— На меня смотри, а на лес нечего.
— У меня от тебя глаза устают. Да и не только устают, того и гляди, глаз дергаться начнет.
— Тогда пошли в кровать.
— Куда? — в буквальном смысле слова опешила я.
— Пора спать, — заявил он. — С кем ляжешь, решай сама. Хочешь, со мной, а хочешь, с ними со всеми. Это твой выбор, я настаивать не буду.
— А может, они домой ночевать поедут? — осторожно спросила я дровосека.
— Куда они поедут, если на ногах не стоят? Для меня эти люди, как братья, а я своих братьев ночью на улицу не выставляю.
Дровосек подошел к магнитофону, выключил музыку и пьяным голосом объявил:
— Братва, давайте уже спать. На улице рассвело. Я предлагаю продолжить веселье завтра. В доме три комнаты. Две ваши, а в третьей буду спать я вместе со своей зазнобой.
В знак согласия пьяные мужики закивали головами и отправились по своим комнатам. Дровосек взял меня за руку и потащил в самую дальнюю спальню. Толкнув меня на железную кровать, он дыхнул перегаром и грозно спросил:
— Сама разденешься или тебя раздеть?
Я сморщилась и что было сил оттолкнула его.
— Послушай, а может, ты лучше спать ляжешь? У тебя в глазах двоится, — уговаривала я. — Ну, что ты сможешь сделать в таком состоянии?!
— Я в любом состоянии могу. Хочешь, чтобы я своих друзей позвал?
— Послушай, может быть, ты прекратишь меня пугать?! — Возмущение переполняло меня. — Мне это все надоело! У меня скоро нервы не выдержат. Ты мне уже на уши давишь.
— Я тебе сейчас на другое место надавлю. А ну, как быстро разделась! Сейчас мужики услышат, как мы с тобой тут боремся, подумают, что мне одному не справиться, и на помощь придут! Ты этого добиваешься? — нагло просил он.
— Немедленно прекрати вести себя так!
— А как я себя веду?
— Как пьяный мужик.
— А ты ведешь себя, как упрямая баба! — крикнул он так громко, что от неожиданности я закрыла ему рот своею ладонью и испуганно посмотрела на дверь.
— Тише, а то сейчас, точно, сюда придут!
— Испугалась? — усмехнулся он. — Смотри, а то я еще громче крикну.
Закрыв глаза, я тихонько всхлипнула и начала медленно раздеваться.
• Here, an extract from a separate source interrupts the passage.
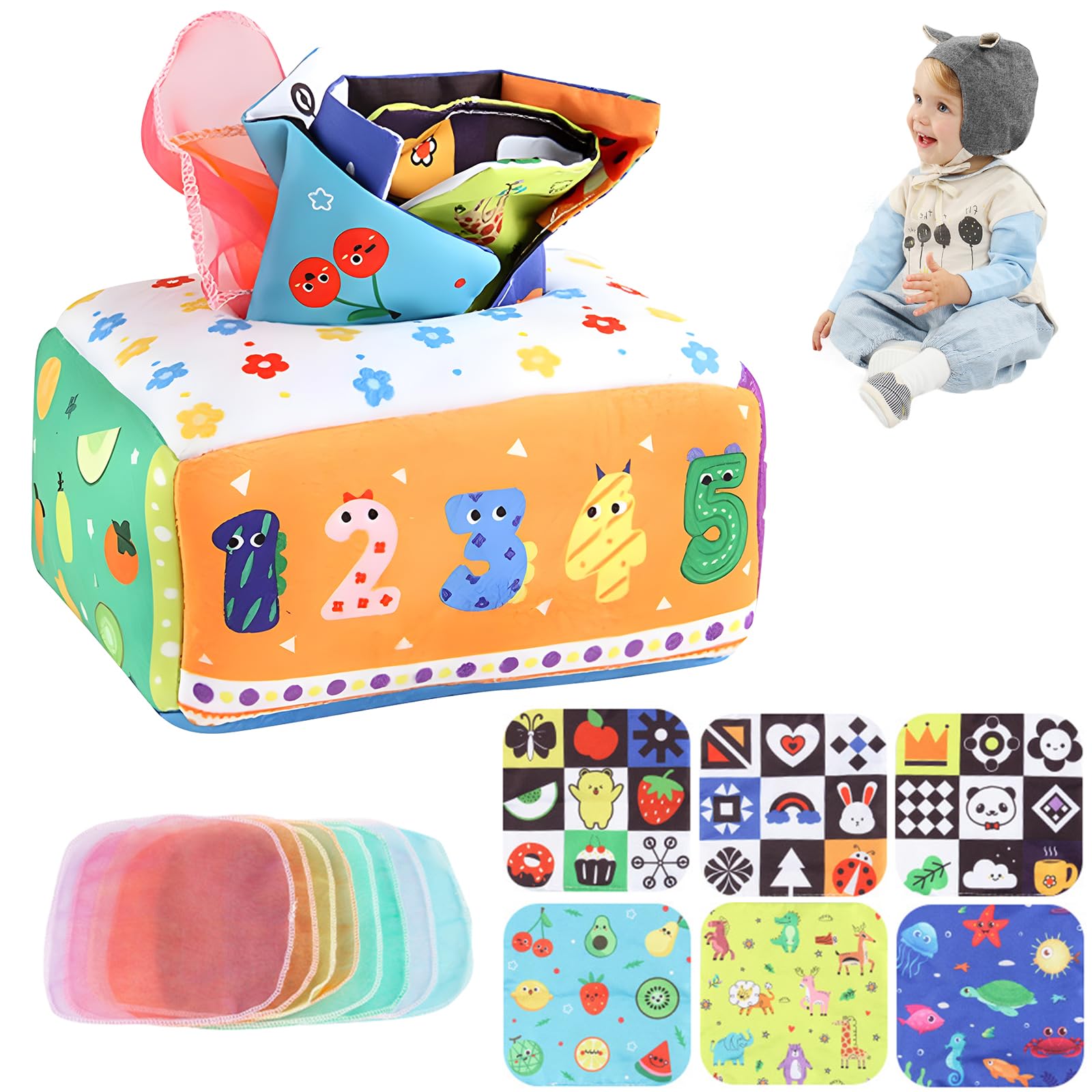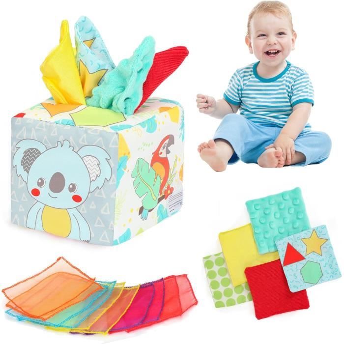 Jouet Développement Motricité Fine Foulards Colorés Cube Boîte à Lingettes Et Pop Up Lapin Taf Toys DINORUN Jouet Bebe 6 Mois Jeux Montessori Jouet Sensoriel Bebe Boîte à Mouchoirs Jouets D'activité Et De Développement Pour Bébés 6 12 Jouet éducatif Sensoriel Textures Sons Jouets sensoriels pour bébé de 6 à 12 mois : nos jouets sensoriels comprennent 4 mouchoirs froissés et 8 écharpes colorées Jouet éducatif 1 An Jouet Montessori Pop-up DINORUN - Éveil Musical Pour Bébés 12-18 Mois Jeu Pop-up Bébé 1 An 【Jouet bebe avec matériel de sécurité】Cette boîte à mouchoirs pour bébé est fabriquée à partir de matériaux de qualité et est douce, durable et adaptée aux enfants. Il s'agit d'un jouet Montessori pour les bébés de 6 à 12 mois, qui amusera les bébés pendant des heures et réduira le gaspillage de mouchoirs en papier. [Jouets d'activité et de développement]En tirant, en saisissant et en relâchant les écharpes, les mains de votre bébé peuvent être bien exercées, ce qui favorise le... Il peut être lavé sans se décolorer, et vous pouvez être sûr que votre bébé peut jouer. Il s'agit d'un jouet Montessori pour les bébés de 6 à 12 mois, qui amusera les bébés pendant des heures et réduira le gaspillage de mouchoirs en papier. 【Jouets d'activité et de développement】En tirant, en saisissant et en relâchant les écharpes, les mains de votre bébé peuvent être bien exercées, ce qui favorise le développement de la motricité fine et de la coordination œil-main. 【Boîtes de mouchoirs alternatives】Nous avons conçu ce jouet sensoriel sûr et amusant en simulant le comportement d'un bébé qui aime tirer sur les mouchoirs.

Дровосек сел на самый краешек кровати и пристально наблюдал. Полностью обнажившись, я легла на кровать и заплакала, как плачет маленькая девочка, которая совершила что-то страшное и неприличное.
— Ревешь, что ли? — не поверил своим глазам дровосек.
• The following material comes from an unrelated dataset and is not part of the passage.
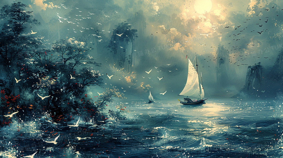 本作品内容为中国风波涛汹涌航行的小船插画, 格式为 jpg, 大小3 MB, 图片尺寸为2240 x 1256, 源文件无水印, 欢迎使用熊猫办公。 如认为平台内容涉嫌侵权,可通过邮件:tousu@tukuppt.com提出书面通知,我们将及时处理。

— А ты не видишь? — вновь всхлипнула я.
— Боишься, что ли? Ты это… Ты не переживай, я тебе больно не сделаю. Я сделаю тебе хорошо. Сама потом благодарить будешь. Я в постели, знаешь, какой ласковый. Ни одна баба не жаловалась. Вот бы никогда не подумал, что такая сильная бандерша, головорезами заведует, в постели будет вести себя, как девочка, и слезы лить. Ты ведешь себя так, словно с мужиком никогда не была. Я даже теряюсь! Я уверен, что у тебя мужиков полно было. Что ж ты со мной так? Не бойся. Я не кусаюсь. Или ты меня просто разводишь? Комедию тут ломаешь…
— Я тебя не боюсь, — всхлипнула я. — Просто такие вещи, интимные, должны быть по обоюдному влечению. А у меня к тебе ничего нет. От тебя перегаром несет, шрам во все лицо, да и пахнет от тебя противно. У меня от такого резкого запаха голова кружится. Да и замашки у тебя ужасные. Меня никто в жизни ни зазнобой, ни бабой не называл. Ты, точно, из деревни. Нетрудно догадаться, почему тебя жена с двумя детьми не дождалась. Представляю себе, как ты с ней обращался. Если мужчина будет так обращаться с женщиной, то любая этого не выдержит. Когда тебя посадили, для нее это показалось настоящим раем.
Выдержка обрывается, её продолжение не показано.